En République démocratique du Congo, une question reste sans réponse depuis plusieurs jours : où se trouve Augustin Matata Ponyo ? L’ancien Premier ministre et figure de l’opposition congolaise est porté disparu depuis sa condamnation à dix ans de travaux forcés pour détournement de fonds publics. Son parti politique, le Leadership et Gouvernance pour le Développement (LGD), tire la sonnette d’alarme et réclame des comptes aux autorités.
L’inquiétude est palpable dans les rangs de l’opposition. « Il n’est ni à son domicile, ni joignable par téléphone, ni visible dans aucun centre de détention officiel », affirme Franklin Tshiamala, secrétaire général du LGD. Selon lui, la situation est grave : « Nous craignons le pire. Si l’État a des informations, il doit les partager. Il s’agit d’un homme public, ancien chef de gouvernement, député national. Son sort ne peut être une affaire de rumeur ou de spéculation ».
Condamné par la Cour constitutionnelle le 20 mai dernier pour son rôle présumé dans le détournement de fonds liés au projet agro-industriel de Bukanga-Lonzo, Matata Ponyo avait dénoncé un procès politique. Dès le lendemain du verdict, il semblait avoir disparu de la circulation. Depuis, aucune trace officielle.
Des spéculations contradictoires circulent. Tandis que certains proches affirment qu’il aurait pu quitter clandestinement Kinshasa, des membres du gouvernement tournent les inquiétudes en dérision. Un responsable contacté par RFI le 31 mai a qualifié les alertes de son parti de « plaisanterie politique », allant jusqu’à qualifier les responsables du LGD d’« histrions ». Des accusations rejetées fermement par Franklin Tshiamala : « On parle de l’intégrité physique d’un homme, pas d’un jeu politique. Certains disent qu’il serait en France, d’autres en Belgique ou aux États-Unis. D’autres encore prétendent qu’il est bien au Congo, prêt à être arrêté. Mais en réalité, personne ne sait. Et c’est précisément cela qui est grave ».

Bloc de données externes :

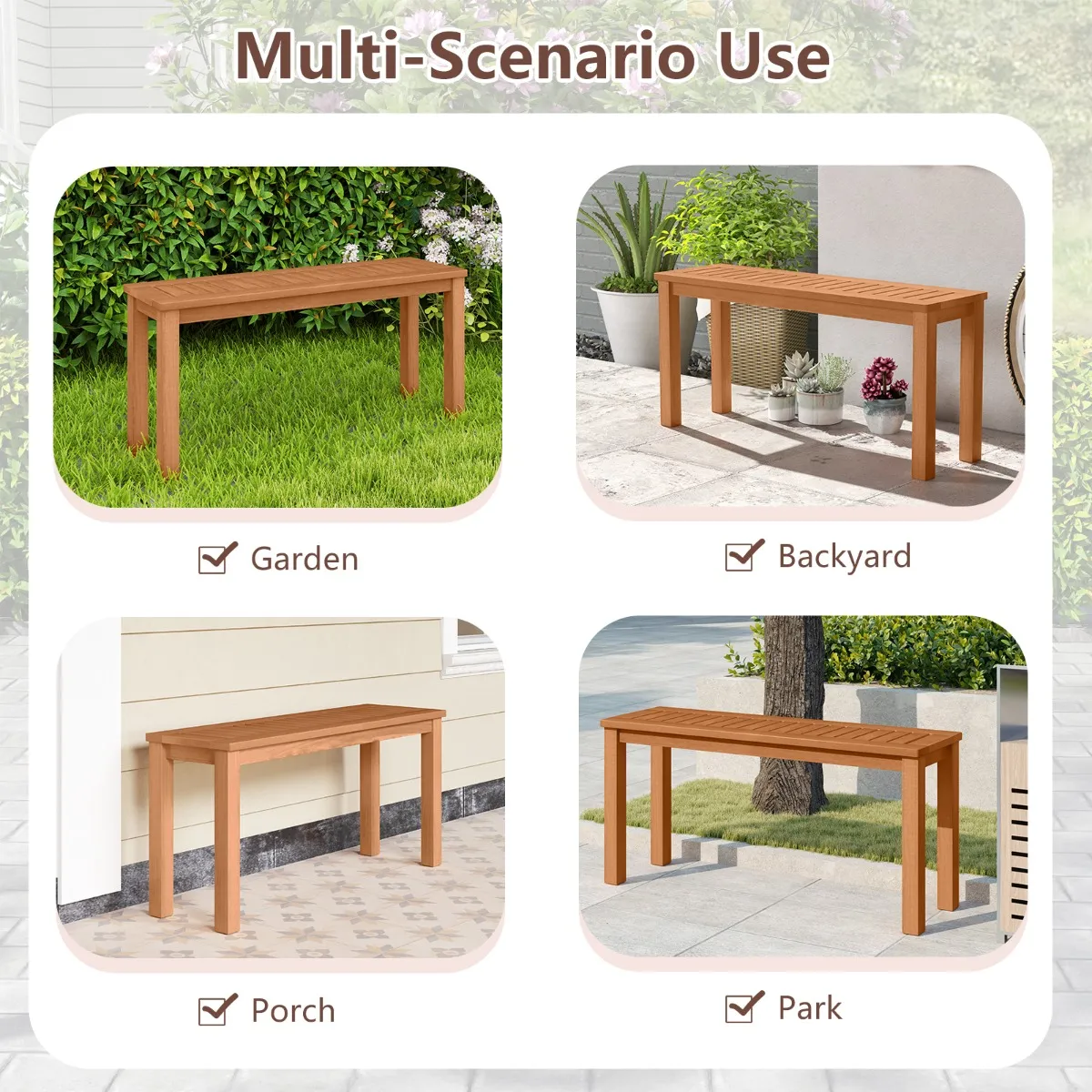 【Veelzijdig gebruik】: De teakolie-afgewerkte houten bank is zo ontworpen dat hij in elke buiten- of binnenruimte past. Gebruik hem als comfortabele outdoorbank in je tuin, op de veranda of zelfs als praktische schoenenwisselbank bij de entree.

Dans un rebondissement inquiétant, le parti affirme également que la fille de Matata Ponyo a été empêchée de quitter le territoire congolais. Son passeport aurait été confisqué par les services migratoires alors qu’elle s’apprêtait à embarquer pour les États-Unis.
Cette affaire survient dans un contexte politique sous tension. Depuis plusieurs mois, les procès d’anciens dignitaires se multiplient, dans ce que certains observateurs dénoncent comme une instrumentalisation de la justice à des fins d’épuration politique. Matata Ponyo, ancien ministre des Finances puis Premier ministre de 2012 à 2016 sous la présidence de Joseph Kabila, s’était érigé ces dernières années en opposant frontal du régime actuel.
Sa disparition soulève aujourd’hui des interrogations graves sur l’état de droit et la transparence des institutions en RDC. En l’absence d’un communiqué officiel du gouvernement, la rumeur continue de supplanter l’information, alimentant un climat de confusion, voire de crainte.